Abbildung 2: In vitro BV2-Zellphagozytose von Myelintrümmern mittels rMS. (A) Repräsentative Immunfluoreszenzbilder der Aufnahme von Myelintrümmern (CFSE, grün) durch BV-2-Zellen (IBA-1, rot) in jeder Gruppe (n=4). Die Zellkerne wurden mit DAPI (blau) gegengefärbt. Maßstabsleiste = 50 μm, 10 μm. (B-D). Quantifizierungsanalyse der Myelin-Trümmerfläche innerhalb der BV-2-Zellen (B), des prozentualen Anteils der Myelin-Trümmer und der BV-2-Zellen (C) in (A) und des Verhältnisses der Anzahl der Zellen, die mit Mikroglia und Myelin-Trümmern co-markiert sind, zur Anzahl der Mikroglia in (A), die Werte werden als Mittelwert ± SD ausgedrückt, #### p <0,0001 vs. Kontrolle, und** p <0,01 vs. LPS+rMS, bestimmt durch unidirektionale ANOVA. Diese Zahl wurde von16 geändert. Bitte klicken Sie hier, um eine größere Version dieser Abbildung anzuzeigen.

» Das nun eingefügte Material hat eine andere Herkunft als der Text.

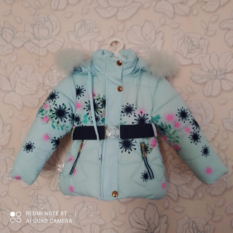 курточка на зиму, ніжно голубий колір, поясок і зірочки -темно-синього кольору, тепла, на синтепоні. Капюшон знімається, хутро з капюшона також знімається, все на замках, пів обхват під руками-32см ширина спини-26см довжина рукава-38см довжина куртки-46см

Abbildung 3: Zeitabhängige BV2-Zell-Phagozytose von Myelintrümmern mittels rMS. (A) Repräsentative Immunfluoreszenzbilder der Aufnahme von Myelintrümmern (CFSE, grün) durch BV-2-Zellen (IBA-1, rot) in jeder Gruppe (n=4). DAPI wurde zur Gegenfärbung von Zellkernen (blau) verwendet. Maßstabsbalken = 50 μm. (B-D) Quantifizierungsanalyse der Myelin-Trümmerfläche innerhalb der BV-2-Zellen (B), des prozentualen Anteils der Myelin-Trümmer und der BV-2-Zellen (C) in (A) und des Verhältnisses der Anzahl der Zellen, die mit Mikroglia und Myelin-Trümmern co-markiert sind, zur Anzahl der Mikroglia in (A), die Werte werden als Mittelwert ± SD ausgedrückt, ### p <0,001 vs. Kontrolle und** p <0,01 und *** p <0,001 vs. LPS+RMS 4h, bestimmt durch unidirektionale ANOVA. Bitte klicken Sie hier, um eine größere Version dieser Abbildung anzuzeigen.

Die Autoren haben nichts offenzulegen.